Iterate through image/video files, yielding source paths, images, and metadata.

Source code in ultralytics/data/loaders.pyView on GitHub
def __iter__(self):
    """Iterate through image/video files, yielding source paths, images, and metadata."""
    self.count = 0
    return self


method ultralytics.data.loaders.LoadImagesAndVideos.__len__

def __len__(self) -> int

Return the number of files (images and videos) in the dataset.

Source code in ultralytics/data/loaders.pyView on GitHub
def __len__(self) -> int:
    """Return the number of files (images and videos) in the dataset."""
    return math.ceil(self.nf / self.bs)  # number of batches


method ultralytics.data.loaders.LoadImagesAndVideos.__next__

def __next__(self) -> tuple[list[str], list[np.ndarray], list[str]]

Return the next batch of images or video frames with their paths and metadata.

Source code in ultralytics/data/loaders.pyView on GitHub
def __next__(self) -> tuple[list[str], list[np.ndarray], list[str]]:
    """Return the next batch of images or video frames with their paths and metadata."""
    paths, imgs, info = [], [], []
    while len(imgs) < self.bs:
        if self.count >= self.nf:  # end of file list
            if imgs:
                return paths, imgs, info  # return last partial batch
            else:
                raise StopIteration

        path = self.files[self.count]
        if self.video_flag[self.count]:
            self.mode = "video"
            if not self.cap or not self.cap.isOpened():
                self._new_video(path)

            success = False
            for _ in range(self.vid_stride):
                success = self.cap.grab()
                if not success:
                    break  # end of video or failure

            if success:
                success, im0 = self.cap.retrieve()
                im0 = (
                    cv2.cvtColor(im0, cv2.COLOR_BGR2GRAY)[..., None]
                    if self.cv2_flag == cv2.IMREAD_GRAYSCALE
                    else im0
                )
                if success:
                    self.frame += 1
                    paths.append(path)
                    imgs.append(im0)
                    info.append(f"video {self.count + 1}/{self.nf} (frame {self.frame}/{self.frames}) {path}: ")
                    if self.frame == self.frames:  # end of video
                        self.count += 1
                        self.cap.release()
            else:
                # Move to the next file if the current video ended or failed to open
                self.count += 1
                if self.cap:
                    self.cap.release()
                if self.count < self.nf:
                    self._new_video(self.files[self.count])
        else:
            # Handle image files (including HEIC)
            self.mode = "image"
            if path.rpartition(".")[-1].lower() == "heic":
                # Load HEIC image using Pillow with pillow-heif
                check_requirements("pi-heif")

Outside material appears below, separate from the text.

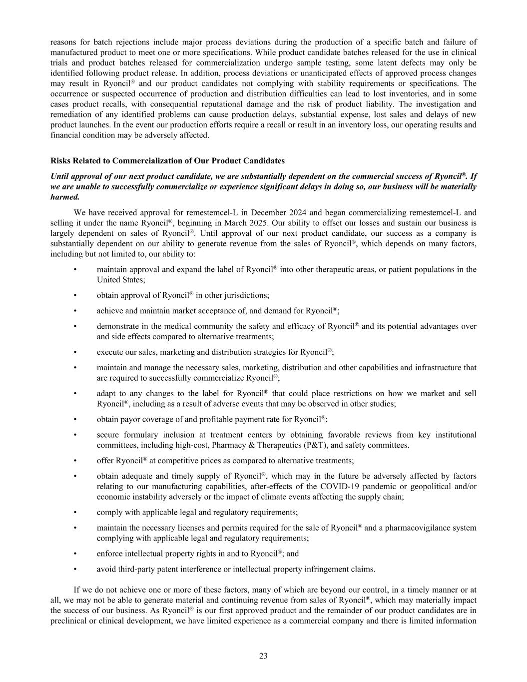reasons for batch rejections include major process deviations during the production of a specific batch and failure of manufactured product to meet one or more specifications. While product candidate batches released for the use in clinical trials and product batches released for commercialization undergo sample testing, some latent defects may only be identified following product release. In addition, process deviations or unanticipated effects of approved process changes may result in Ryoncil® and our product candidates not complying with stability requirements or specifications. The occurrence or suspected occurrence of production and distribution difficulties can lead to lost inventories, and in some cases product recalls, with consequential reputational damage and the risk of product liability. The investigation and remediation of any identified problems can cause production delays, substantial expense, lost sales and delays of new product launches. In the event our production efforts require a recall or result in an inventory loss, our operating results and financial condition may be adversely affected. Risks Related to Commercialization of Our Product Candidates Until approval of our next product candidate, we are substantially dependent on the commercial success of Ryoncil®. If we are unable to successfully commercialize or experience significant delays in doing so, our business will be materially harmed. We have received approval for remestemcel-L in December 2024 and began commercializing remestemcel-L and selling it under the name Ryoncil®, beginning in March 2025. Our ability to offset our losses and sustain our business is largely dependent on sales of Ryoncil®. Until approval of our next product candidate, our success as a company is substantially dependent on our ability to generate revenue from the sales of Ryoncil®, which depends on many factors, including but not limited to, our ability to: • maintain approval and expand the label of Ryoncil® into other therapeutic areas, or patient populations in the United States; • obtain approval of Ryoncil® in other jurisdictions; • achieve and maintain market acceptance of, and demand for Ryoncil®; • demonstrate in the medical community the safety and efficacy of Ryoncil® and its potential advantages over and side effects compared to alternative treatments; • execute our sales, marketing and distribution strategies for Ryoncil®; • maintain and manage the necessary sales, marketing, distribution and other capabilities and infrastructure that are required to successfully commercialize Ryoncil®; • adapt to any changes to the label for Ryoncil® that could place restrictions on how we market and sell Ryoncil®, including as a result of adverse events that may be observed in other studies; • obtain payor coverage of and profitable payment rate for Ryoncil®; • secure formulary inclusion at treatment centers by obtaining favorable reviews from key institutional committees, including high-cost, Pharmacy & Therapeutics (P&T), and safety committees. • offer Ryoncil® at competitive prices as compared to alternative treatments; • obtain adequate and timely supply of Ryoncil®, which may in the future be adversely affected by factors relating to our manufacturing capabilities, after-effects of the COVID-19 pandemic or geopolitical and/or economic instability adversely or the impact of climate events affecting the supply chain; • comply with applicable legal and regulatory requirements; • maintain the necessary licenses and permits required for the sale of Ryoncil® and a pharmacovigilance system complying with applicable legal and regulatory requirements; • enforce intellectual property rights in and to Ryoncil®; and • avoid third-party patent interference or intellectual property infringement claims. If we do not achieve one or more of these factors, many of which are beyond our control, in a timely manner or at all, we may not be able to generate material and continuing revenue from sales of Ryoncil®, which may materially impact the success of our business. As Ryoncil® is our first approved product and the remainder of our product candidates are in preclinical or clinical development, we have limited experience as a commercial company and there is limited information 23

                from pi_heif import register_heif_opener

                register_heif_opener()  # Register HEIF opener with Pillow
                with Image.open(path) as img:
                    im0 = cv2.cvtColor(np.asarray(img), cv2.COLOR_RGB2BGR)  # convert image to BGR nparray
            else:
                im0 = imread(path, flags=self.cv2_flag)  # BGR
            if im0 is None:
                LOGGER.warning(f"Image Read Error {path}")
            else:
                paths.append(path)
                imgs.append(im0)
                info.append(f"image {self.count + 1}/{self.nf} {path}: ")
            self.count += 1  # move to the next file
            if self.count >= self.ni:  # end of image list
                break

    return paths, imgs, info


method ultralytics.data.loaders.LoadImagesAndVideos._new_video

def _new_video(self, path: str)

Create a new video capture object for the given path and initialize video-related attributes.

Args

NameTypeDescriptionDefault
pathstrrequired
Source code in ultralytics/data/loaders.pyView on GitHub
def _new_video(self, path: str):
    """Create a new video capture object for the given path and initialize video-related attributes."""
    self.frame = 0
    self.cap = cv2.VideoCapture(path)
    self.fps = int(self.cap.get(cv2.CAP_PROP_FPS))
    if not self.cap.isOpened():
        raise FileNotFoundError(f"Failed to open video {path}")
    self.frames = int(self.cap.get(cv2.CAP_PROP_FRAME_COUNT) / self.vid_stride)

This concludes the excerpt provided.